北斗七星

北斗七星 2009年2月9日付 Vol.1271

2009/02/09 15:38

週刊BCN 2009年02月09日vol.1271掲載

▼ウィキペディアによると、「ピンポンダッシュ」とは「他人の家屋の呼び鈴を鳴らして逃げる行為」を指すとある。その「ピンポンダッシュ」をした男子中学生が迷惑条例違反で書類送検された。好意を寄せる女子生徒宅に5回繰り返し、“お縄”になったという経緯。自治体では、ストーカー行為をする輩や空き巣が在宅確認に使う手段を規制するため条例で網を張る。今回の場合、大事件に至る前の「警鐘」と思われる。

▼男の子なら誰しも経験がある「ピンポンダッシュ」。“度胸試し”として上級生の指示で下校途中などに試したものだ。ところが、たまに家主に捕まる。そこで厳しい叱責を浴び、社会観を刻んだもの──とは擁護し過ぎだが、先の中学生をニュースとして報道することには異議ありだ。

▼文部科学大臣は最近、「心を育む5つの提案」なる道徳観を身につけさせる方針を発表した。このうちの一つに「読み書きそろばん・外遊び」とある。前半は教科書で学ぶ学習で真剣ならば習得可能。後半は社会での経験でしか身につかない。

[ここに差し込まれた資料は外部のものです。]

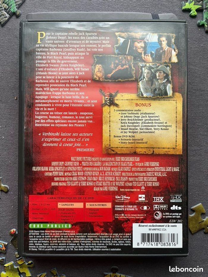 Vends DVD « Pirates des Caraïbes, la malédiction du Black Pearl ». Le boîtier est en très bon état général. Présence de traces d’usure mais rien d’important. Le DVD présente une légère marque mais fonctionne parfaitement. Il pèse 84g. Idéal pour les amateurs de cinéma ou du film, collectionneurs

▼「昔は」というと若い人に顰蹙(ひんしゅく)を買うかもしれないが、鬼ごっこの最終形といわれる「刑ドロ」など、子供がつくり出した遊びが無数にあった。同じ名称でもルールは土地土地のガキ大将によって千差万別。子供たちのなかでルールをつくり、道徳観なるものを養う。産業が多角化するなかで、こうした子供の頃からの営みがなければビル・ゲイツのように世界に通用する人材は生まれない。